◆ Record excerpts ◆
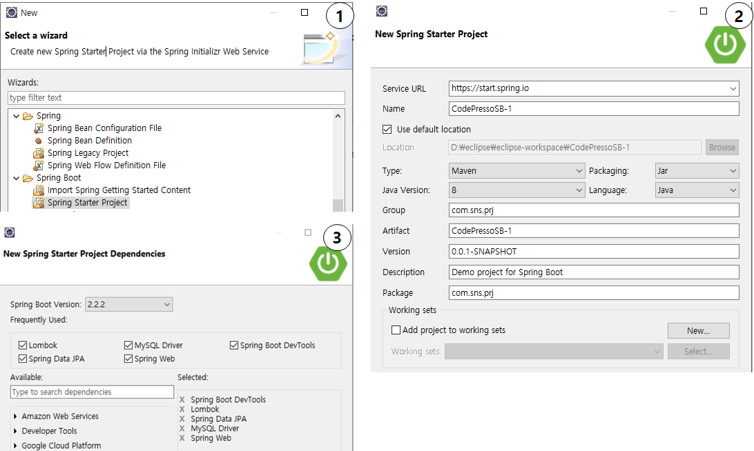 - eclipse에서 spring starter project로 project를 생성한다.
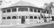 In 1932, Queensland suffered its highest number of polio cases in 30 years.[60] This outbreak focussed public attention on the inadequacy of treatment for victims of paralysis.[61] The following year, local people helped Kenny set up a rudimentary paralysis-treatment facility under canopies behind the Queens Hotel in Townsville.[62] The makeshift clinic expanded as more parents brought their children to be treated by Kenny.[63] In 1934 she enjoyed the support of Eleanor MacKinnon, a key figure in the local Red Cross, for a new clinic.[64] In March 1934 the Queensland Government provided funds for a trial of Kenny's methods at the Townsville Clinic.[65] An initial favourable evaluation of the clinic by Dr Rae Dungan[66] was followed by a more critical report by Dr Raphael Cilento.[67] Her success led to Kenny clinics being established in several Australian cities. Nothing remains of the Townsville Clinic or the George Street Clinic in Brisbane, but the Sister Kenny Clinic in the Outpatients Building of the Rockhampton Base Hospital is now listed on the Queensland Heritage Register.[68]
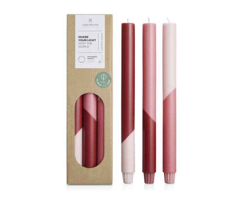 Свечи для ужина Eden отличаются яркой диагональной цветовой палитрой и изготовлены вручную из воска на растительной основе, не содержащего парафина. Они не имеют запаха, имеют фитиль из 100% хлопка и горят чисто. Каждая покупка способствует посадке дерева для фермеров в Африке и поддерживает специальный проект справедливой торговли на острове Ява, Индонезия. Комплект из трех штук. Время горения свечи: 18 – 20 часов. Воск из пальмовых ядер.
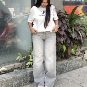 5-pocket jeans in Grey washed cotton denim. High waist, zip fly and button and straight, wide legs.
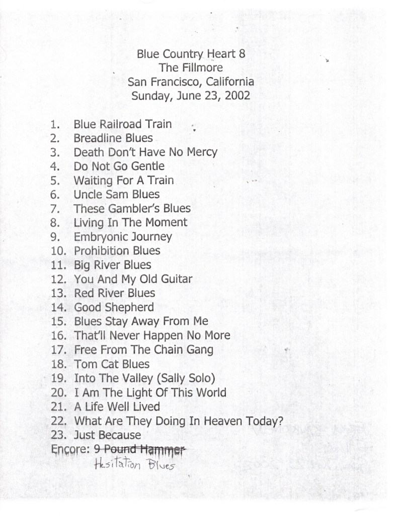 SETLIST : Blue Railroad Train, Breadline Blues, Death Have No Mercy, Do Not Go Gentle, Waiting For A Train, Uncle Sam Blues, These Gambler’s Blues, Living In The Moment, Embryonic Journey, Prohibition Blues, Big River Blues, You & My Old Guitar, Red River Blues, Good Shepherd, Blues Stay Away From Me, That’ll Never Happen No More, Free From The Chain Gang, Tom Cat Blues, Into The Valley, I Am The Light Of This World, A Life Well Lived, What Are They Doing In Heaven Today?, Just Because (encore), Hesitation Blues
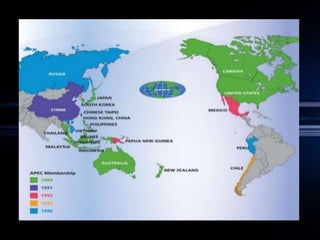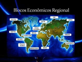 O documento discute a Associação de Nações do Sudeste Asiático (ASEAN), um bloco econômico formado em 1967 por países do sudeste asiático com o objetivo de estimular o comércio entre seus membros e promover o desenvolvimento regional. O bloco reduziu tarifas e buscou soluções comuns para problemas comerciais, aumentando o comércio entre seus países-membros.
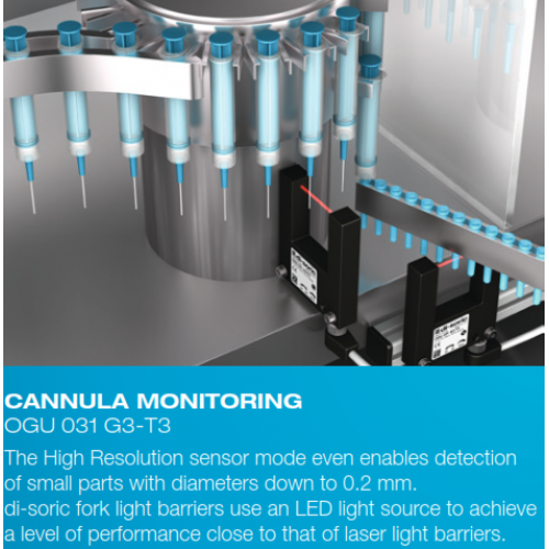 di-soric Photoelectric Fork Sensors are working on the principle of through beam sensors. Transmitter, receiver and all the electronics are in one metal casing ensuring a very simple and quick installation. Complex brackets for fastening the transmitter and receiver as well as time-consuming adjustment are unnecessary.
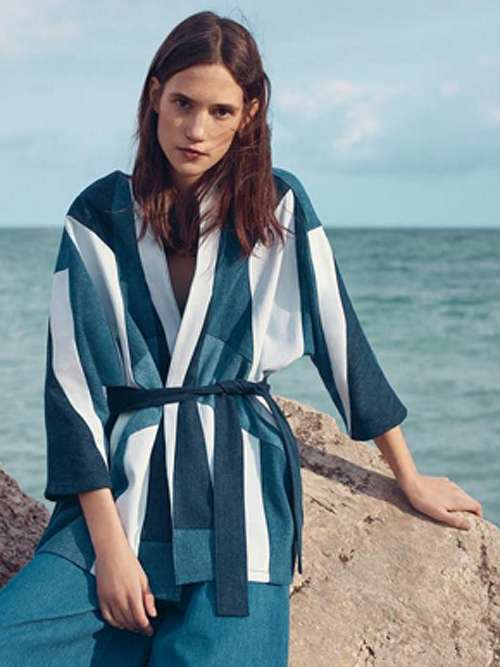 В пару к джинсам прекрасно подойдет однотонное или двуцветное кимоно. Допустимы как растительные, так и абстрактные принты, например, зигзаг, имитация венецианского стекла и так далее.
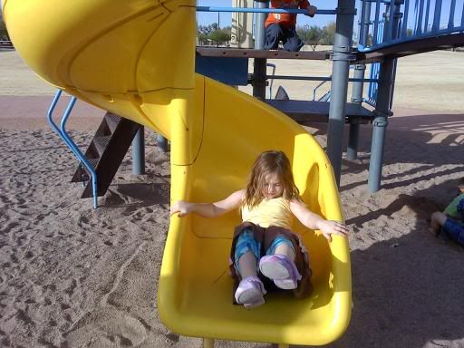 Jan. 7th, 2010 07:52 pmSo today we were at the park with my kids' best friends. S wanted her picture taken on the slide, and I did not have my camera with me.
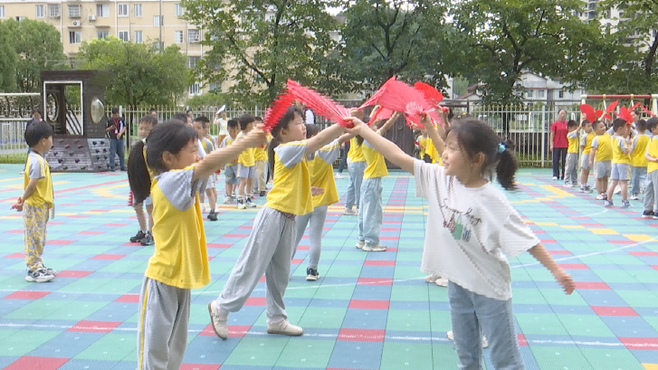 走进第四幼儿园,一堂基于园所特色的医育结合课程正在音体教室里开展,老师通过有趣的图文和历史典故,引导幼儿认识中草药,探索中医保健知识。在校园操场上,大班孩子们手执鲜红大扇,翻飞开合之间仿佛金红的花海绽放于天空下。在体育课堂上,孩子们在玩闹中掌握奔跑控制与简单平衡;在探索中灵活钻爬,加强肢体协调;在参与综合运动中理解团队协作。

==

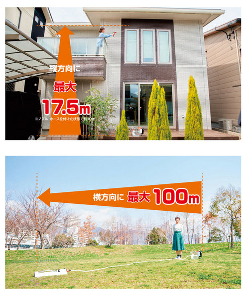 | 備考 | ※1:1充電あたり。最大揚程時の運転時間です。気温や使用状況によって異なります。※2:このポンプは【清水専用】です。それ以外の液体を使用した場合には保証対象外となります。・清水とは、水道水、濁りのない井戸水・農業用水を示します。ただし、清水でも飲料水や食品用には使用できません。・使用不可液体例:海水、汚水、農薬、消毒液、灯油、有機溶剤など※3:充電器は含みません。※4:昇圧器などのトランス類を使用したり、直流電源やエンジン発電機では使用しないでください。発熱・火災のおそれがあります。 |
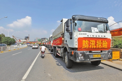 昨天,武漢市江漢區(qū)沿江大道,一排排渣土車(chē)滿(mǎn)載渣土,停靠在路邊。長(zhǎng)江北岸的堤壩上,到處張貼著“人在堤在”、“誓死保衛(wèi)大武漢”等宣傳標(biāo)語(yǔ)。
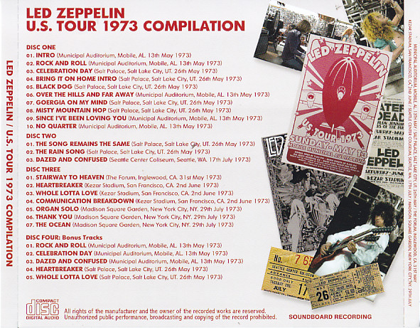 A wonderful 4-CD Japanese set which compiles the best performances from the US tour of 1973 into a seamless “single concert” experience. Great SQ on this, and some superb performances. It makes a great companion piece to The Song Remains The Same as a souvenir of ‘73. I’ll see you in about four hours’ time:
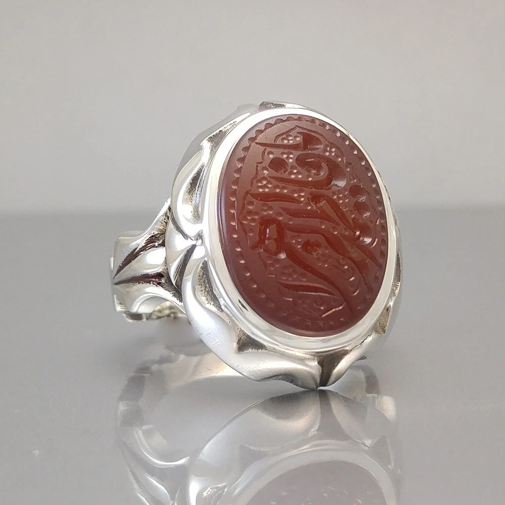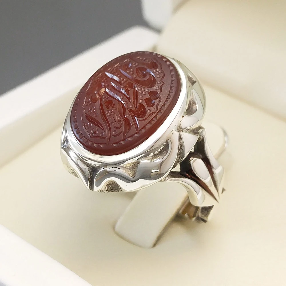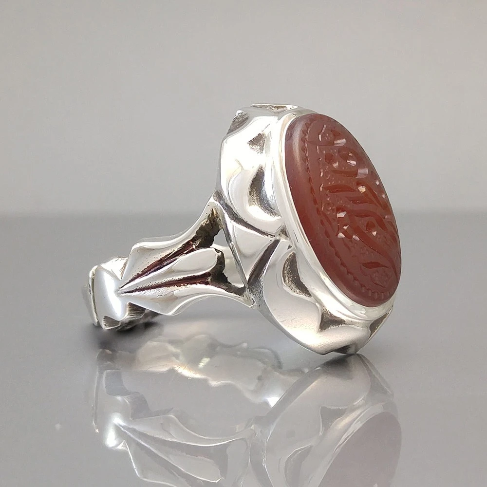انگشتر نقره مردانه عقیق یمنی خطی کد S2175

◆ Required action ◆
Starting at the line containing "В пару к джинсам" and stopping at the line containing "走进第四幼儿园,一堂基于园所", output every line above exactly, both ends included, with pictures omitted.

◆ Task response ◆
 В пару к джинсам прекрасно подойдет однотонное или двуцветное кимоно. Допустимы как растительные, так и абстрактные принты, например, зигзаг, имитация венецианского стекла и так далее.
 Jan. 7th, 2010 07:52 pmSo today we were at the park with my kids' best friends. S wanted her picture taken on the slide, and I did not have my camera with me.
 走进第四幼儿园,一堂基于园所特色的医育结合课程正在音体教室里开展,老师通过有趣的图文和历史典故,引导幼儿认识中草药,探索中医保健知识。在校园操场上,大班孩子们手执鲜红大扇,翻飞开合之间仿佛金红的花海绽放于天空下。在体育课堂上,孩子们在玩闹中掌握奔跑控制与简单平衡;在探索中灵活钻爬,加强肢体协调;在参与综合运动中理解团队协作。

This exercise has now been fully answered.